*** Opening of MATERIAL SHOWN ***

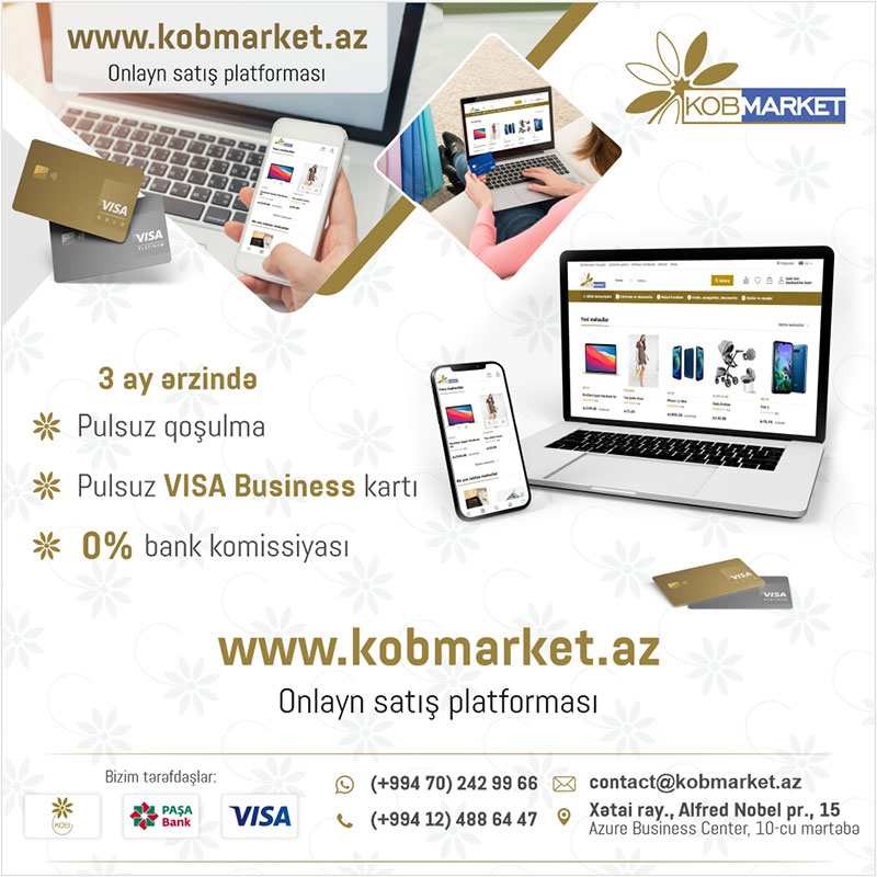Artıq hər bir sahibkar Kobmarket.az-da qeydiyyatdan keçərək, mallarını və xidmətlərini özünün onlayn mağazası vasitəsilə satmağa başlaya bilər.
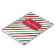 Fröhliche Weihnachtsanschauung mit Text- und Schneeflocken-Design auf rot, weiß und grün gestreiften Hintergrund
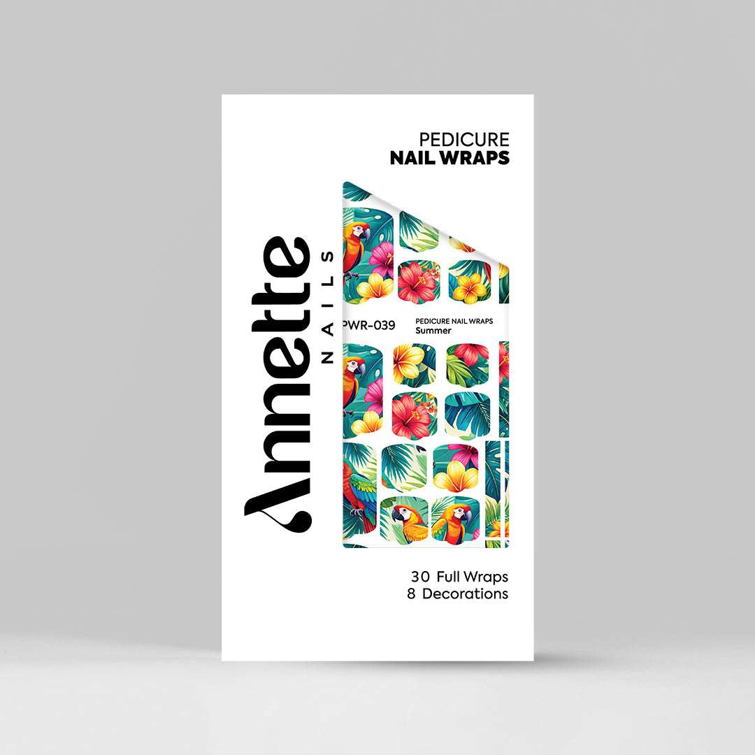 Pedicure Nail Wraps Annette Nails sunt stickere autoadezive pentru unghii, special concepute pentru crearea designurilor sofisticate pe unghii, indiferent de tehnica folosită: pedichiură clasică sau pedichiură semipermanentă. Wrapurile sunt una dintre cele mai populare tehnici pentru decorarea unghiilor și reprezintă o alternativă rapidă și eficientă la pedichiura cu oja semipermanentă. Acestea pot fi utilizate inclusiv pentru uz personal, oferind fiecărei femei posibilitatea de a-și realiza singură o pedichiură cu design deosebit și rezistență extinsă.
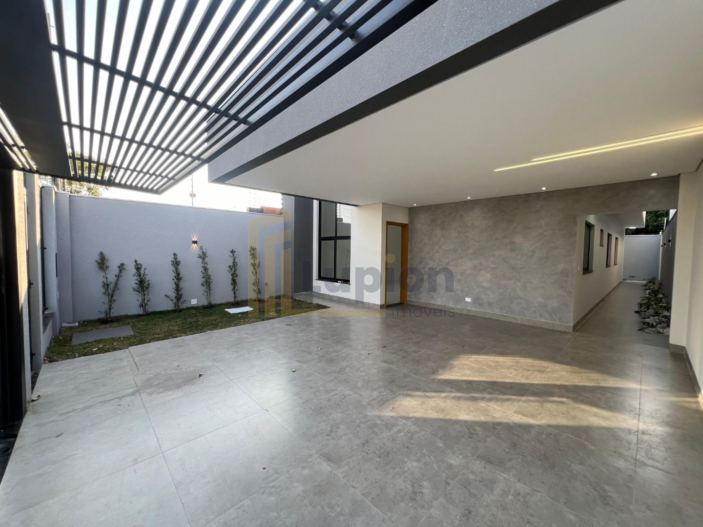 Garagem e área externa: Espaço planejado com iluminação moderna e funcionalidade para veículos e área de lazer.
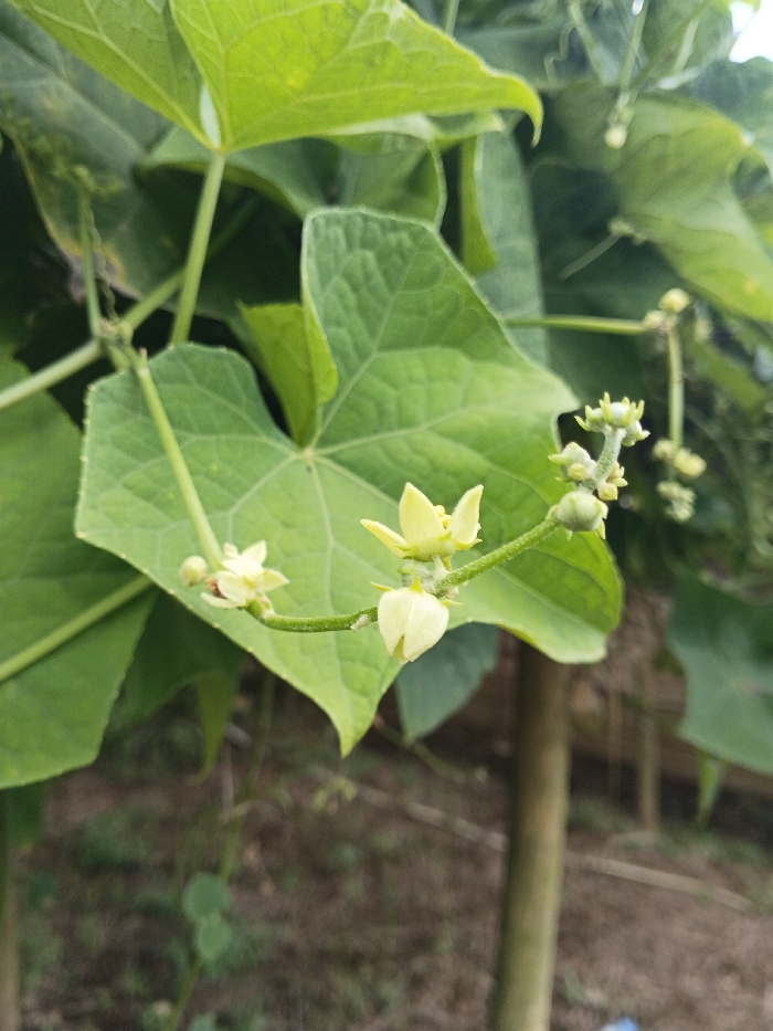 The image displays a close-up, natural light photograph of a plant in Maw Hit, Myanmar. The primary subjects are a cluster of small, pale yellow flowers and buds, along with numerous large, green, heart-shaped leaves, all in various stages of growth. In the foreground, a slender green stem extends diagonally from the lower-left to the upper-right, featuring several small inflorescences. On the left side of the stem, a small, partially opened flower with pale yellow petals is visible. To the right, another flower, appearing as a closed bud or bell-shaped structure, is centered. Directly above it, a fully open flower with five distinct, pale yellow petals is present. Further to the right along the stem, a cluster of smaller buds and developing flowers is visible. The petals of the open flowers exhibit a soft yellow hue. The background is dominated by large, vibrant green leaves with prominent venation, some appearing lobed or deeply indented, others more broadly ovate. These leaves vary slightly in shade, with some areas appearing lighter due to illumination. A blurry, dark brown and green expanse in the lower-right background suggests ground level or a denser foliage area. A vertical, dark brown, out-of-focus element, possibly a tree trunk or wooden support, is visible along the right edge of the frame. The overall scene suggests an outdoor, natural environment. No human subjects, animals, or specific actions are depicted.

*** Close of MATERIAL SHOWN ***

Every line from the start of the listing above through the line with "Garagem e área" should be repeated exactly; skip the pictures and add nothing else.

Artıq hər bir sahibkar Kobmarket.az-da qeydiyyatdan keçərək, mallarını və xidmətlərini özünün onlayn mağazası vasitəsilə satmağa başlaya bilər.
 Fröhliche Weihnachtsanschauung mit Text- und Schneeflocken-Design auf rot, weiß und grün gestreiften Hintergrund
 Pedicure Nail Wraps Annette Nails sunt stickere autoadezive pentru unghii, special concepute pentru crearea designurilor sofisticate pe unghii, indiferent de tehnica folosită: pedichiură clasică sau pedichiură semipermanentă. Wrapurile sunt una dintre cele mai populare tehnici pentru decorarea unghiilor și reprezintă o alternativă rapidă și eficientă la pedichiura cu oja semipermanentă. Acestea pot fi utilizate inclusiv pentru uz personal, oferind fiecărei femei posibilitatea de a-și realiza singură o pedichiură cu design deosebit și rezistență extinsă.
 Garagem e área externa: Espaço planejado com iluminação moderna e funcionalidade para veículos e área de lazer.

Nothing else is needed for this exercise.